Extracted material:
◆ ◆ ◆ ◆ ◆ ◆ ◆
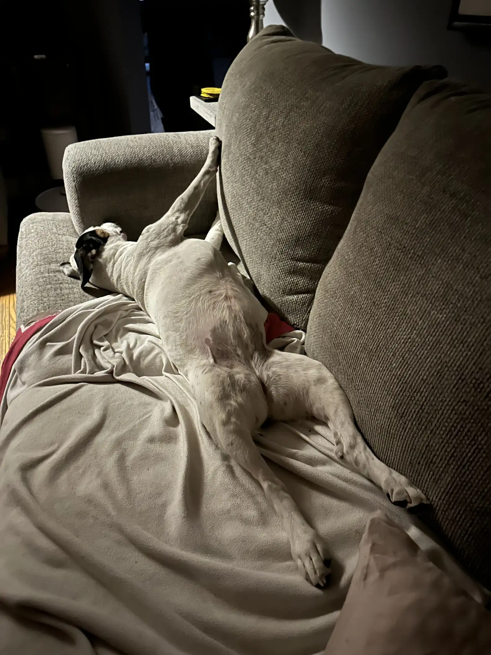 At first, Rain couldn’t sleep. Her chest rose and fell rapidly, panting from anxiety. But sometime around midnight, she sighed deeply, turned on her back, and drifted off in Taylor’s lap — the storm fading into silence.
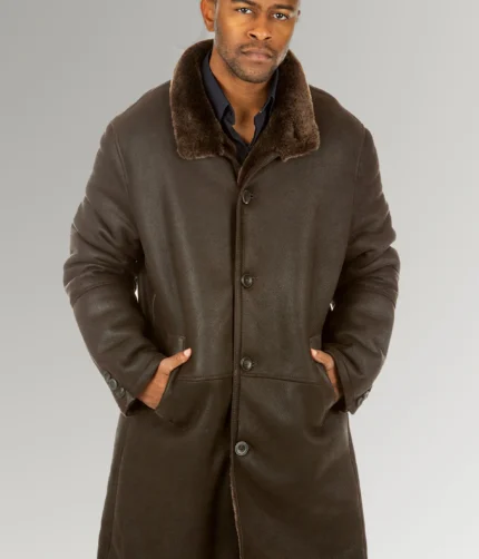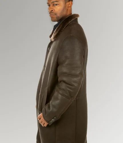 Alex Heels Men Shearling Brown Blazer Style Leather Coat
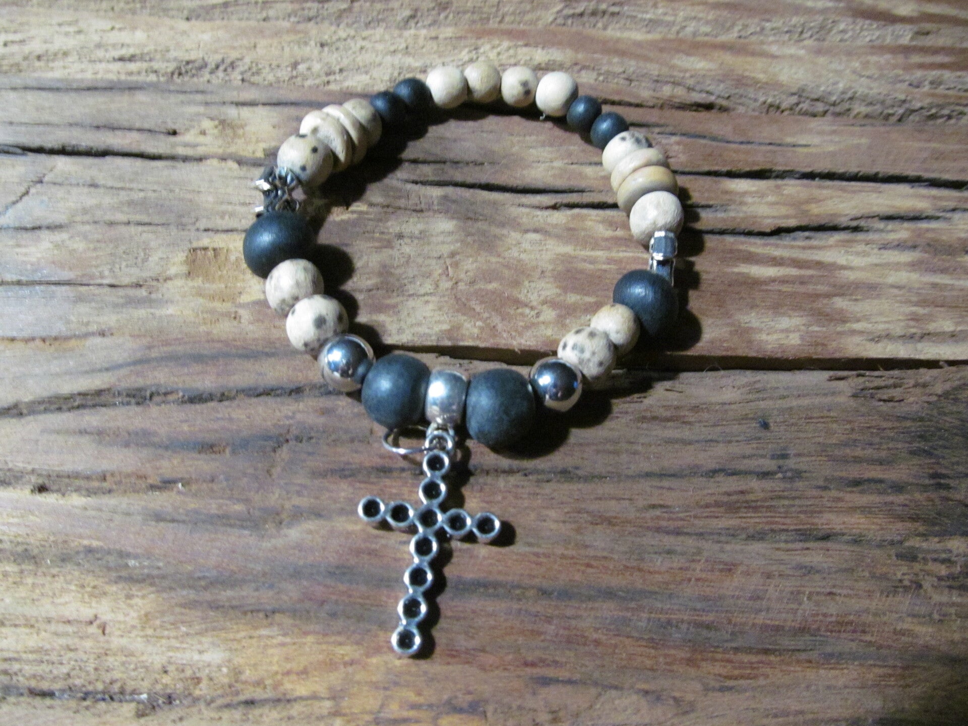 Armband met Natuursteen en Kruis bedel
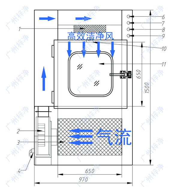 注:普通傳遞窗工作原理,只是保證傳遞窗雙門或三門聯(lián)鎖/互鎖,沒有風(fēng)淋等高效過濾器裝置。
◆ ◆ ◆ ◆ ◆ ◆ ◆
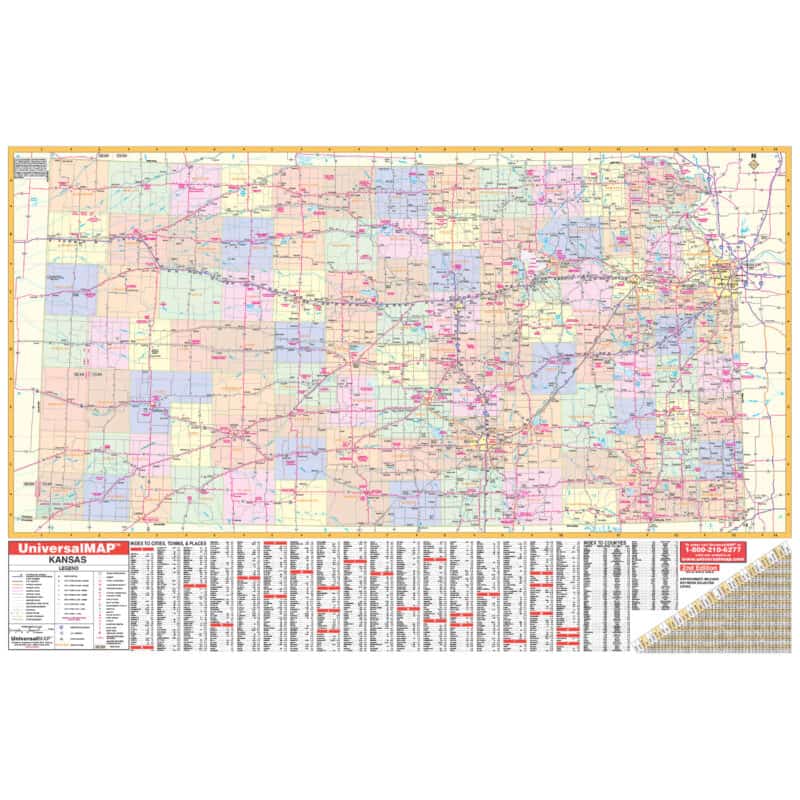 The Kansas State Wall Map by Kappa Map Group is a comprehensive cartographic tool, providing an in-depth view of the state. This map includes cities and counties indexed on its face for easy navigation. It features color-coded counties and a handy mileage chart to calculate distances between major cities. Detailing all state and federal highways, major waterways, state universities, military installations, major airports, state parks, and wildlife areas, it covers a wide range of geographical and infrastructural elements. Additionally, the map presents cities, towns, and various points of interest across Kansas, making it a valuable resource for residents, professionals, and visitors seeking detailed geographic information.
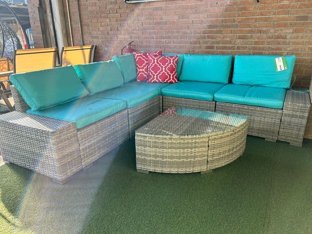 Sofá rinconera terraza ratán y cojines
◆ ◆ ◆ ◆ ◆ ◆ ◆
Work task:
What's needed is an exact copy of the lines above from the one with "Alex Heels Men" through the one with "注:普通傳遞窗工作原理,只是", both included; the pictures stay out.

Solution for this problem:
 Alex Heels Men Shearling Brown Blazer Style Leather Coat
 Armband met Natuursteen en Kruis bedel
 注:普通傳遞窗工作原理,只是保證傳遞窗雙門或三門聯(lián)鎖/互鎖,沒有風(fēng)淋等高效過濾器裝置。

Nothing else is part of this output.